▶ [Recorded information]:
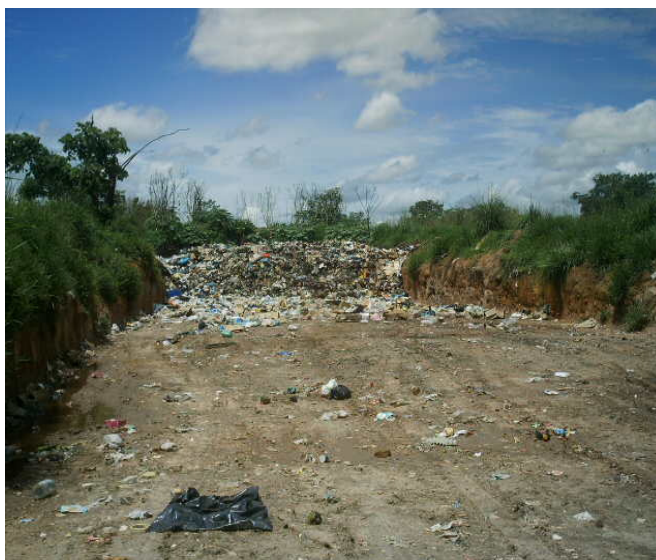
FIGURA 3 – Imagem frontal da vala de disposição.

A área do lixão não possui nenhum tipo de impermeabilização, logo é comum observar acúmulo de água das chuvas em vários locais ao longo do perímetro. Outro importante fator a ser mencionado é que existem no local um grande número de materiais com alto potencial de reciclagem, dentre estes destacam-se o alumínio e o pet.
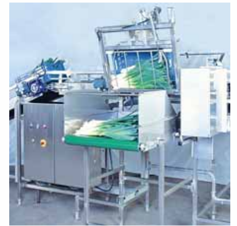
De preikistenlediger als volautomatisch en productvriendelijk ledig apparaat.
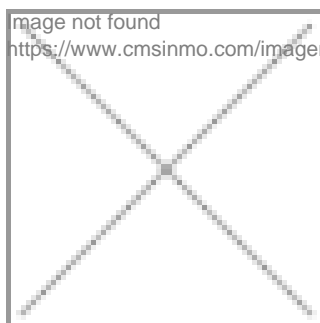
image not found https://www.cmsinmo.com/imagenes/uploads/inmu/4/7315/Foto_Iberia_Property.com_.jpg

▶ [Work required]: Working from the line with "De preikistenlediger als" to the last line of the material above, repeat each line exactly and leave out the pictures.

▶ [Completed task]:
De preikistenlediger als volautomatisch en productvriendelijk ledig apparaat.
image not found https://www.cmsinmo.com/imagenes/uploads/inmu/4/7315/Foto_Iberia_Property.com_.jpg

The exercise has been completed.